The interior of Lulla’s if filled with wood and light colors, as well as lots of potted plants

Sunday afternoon, my in-laws took our kid to the park and we decided to have brunch. The windy afternoon was probably fine for eating at the cafe tables, and there were plenty of people eating there, but we opted for one inside. The interior is lush and modern. There’s light wood, bright colors, and potted plants. We’re so far away from the industrial chic, the old bricks and industrial pipe furniture popular throughout Brooklyn in the first two decades of the century, that Lulla’s feels like the future. It’s an aesthetic that places like Carthage Must Be Destroyed pioneered, though Lulla’s is decidedly less pink.

We ordered coffee while looking over the menu. I thought about a cocktail, but opted out. Lulla’s has a $24 cocktail, which is outrageous anywhere, let alone a block of East Williamsburg sandwiched between housing projects. No wonder Gen Z isn’t drinking much these days. The rest of the cocktails on the menu were in the $16 to $18 range, which is still a difficult pill to swallow for Brooklyn. I’m sure they’re great, but I stuck with tap water and black coffee.
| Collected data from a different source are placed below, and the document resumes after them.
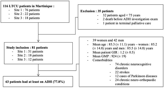 The present exploratory observational study involved the three LTCUs of the French Caribbean territory of Martinique; the LTCUs are affiliated with the sole University Hospital of the island. For study purposes, from 6 August to 29 September 2020, a review of the medical records of all institutionalized patients aged 75 years or older was conducted to identify existing deformations that corresponded to the ADH definition. Patient exclusion criteria were the existence of an episode of acute alteration of health status, uncontrolled chronic pain with an identified origin different from that of ADH, and the existence of an evolving neoplastic process in the palliative stage. To ensure the most reliable possible collection of cases of ADH, the healthcare teams were sensitized by the rehabilitation physician. Additionally, as in previous prevalence studies, patients with active pathologies or joint diseases were excluded to avoid overestimating the prevalence of deformities.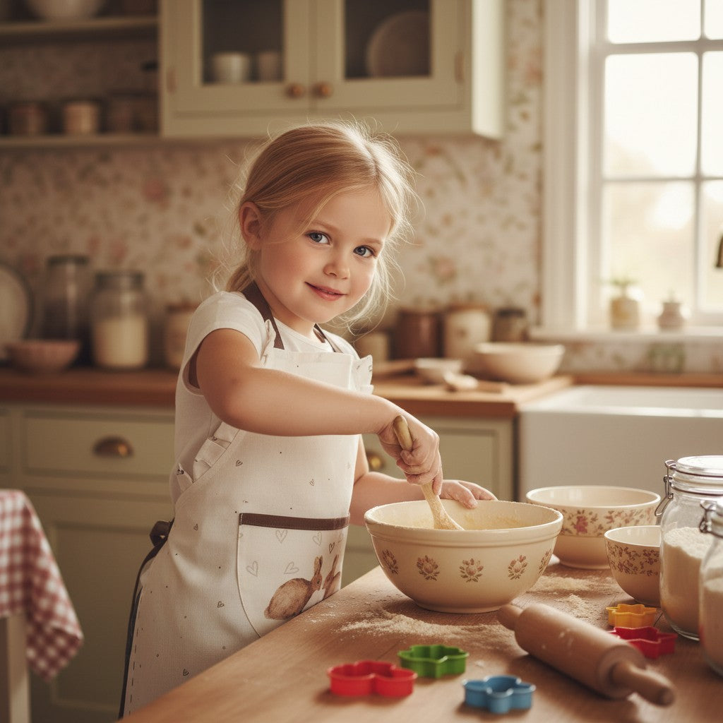 Entzückende Schürze für Kinder mit Kaninchen und Rüschen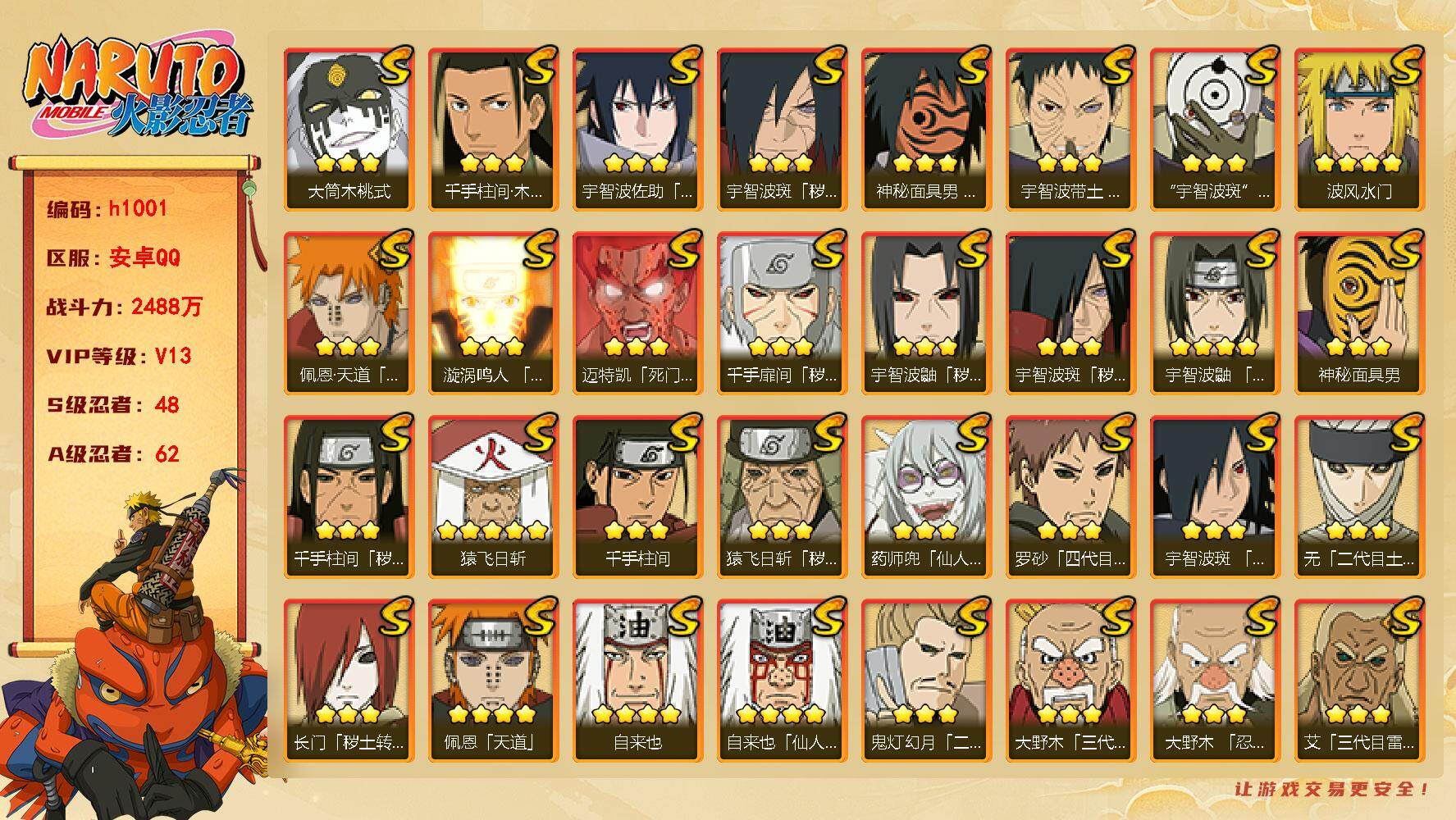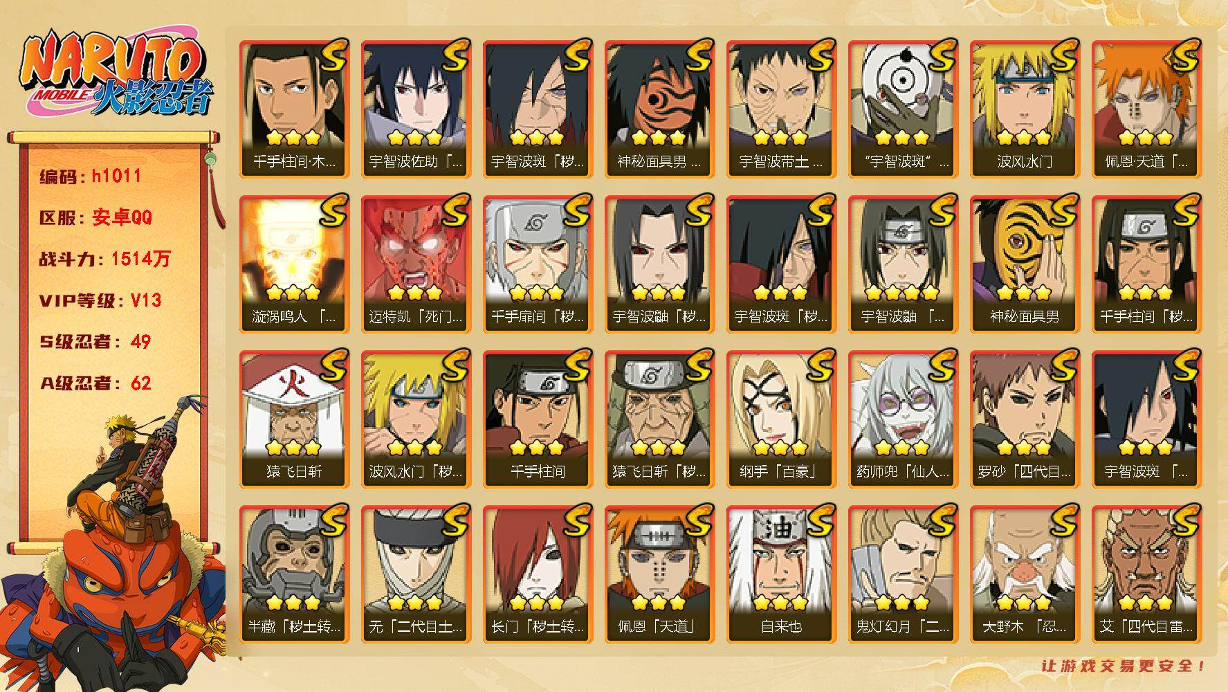 安卓QQ-成品火影号-800万战力-忍发帖基础班-S忍者数

Corn donuts from Lulla's are lightly sweet, but sweet and salty when dipped in cheese and cream

We started with the corn donuts, Mandocas. My wife had spotted these at a nearby table the morning she was working here, and insisted we give them a try. They were delightful, just lightly sweet. But where they really stood out was combined with the nata cream and queso blanco, creating a sweet and salty flavor profile.

Arepas from Lulla's bakery

My wife went with the arepas Venzeolanas, a mix and match of any two arepas. They come either grilled or fried, and she chose grilled. I was impressed with their size, stuffed with filling. She went with chicken avocado salad and eggs and sofrito. She thought the chicken salad was great, but that they were trying too hard with the egg filling to appease a certain kind of American consumer.

Rancheros with paoched eggs from Lulla's bakery

I ordered the rancheros. The eggs were poached perfectly, the creamy yolk spilling onto the rest of the dish. The arepa underneath was soft and substantial, absorbing the spicy red sauce. There were plenty of black beans too, and each bit was delightful in a different kind of way.

Fried Plaintains from Lulla's bakery

The fried plantains were a fine addition, and good for dipping in the ranchero sauce. The chimichurri served with them wasn’t quite as flavorful as the green and orange hot sauce. Overall, they added texture, crunchy, to the meal.

Lulla’s menu reflects a pragmatic approach to Brooklyn brunch–it’s unique, but familiar at the same time. It’s the kind of place that I could return to regularly and still feel like I’m experiencing something fresh, while satisfying a broad range of tastes.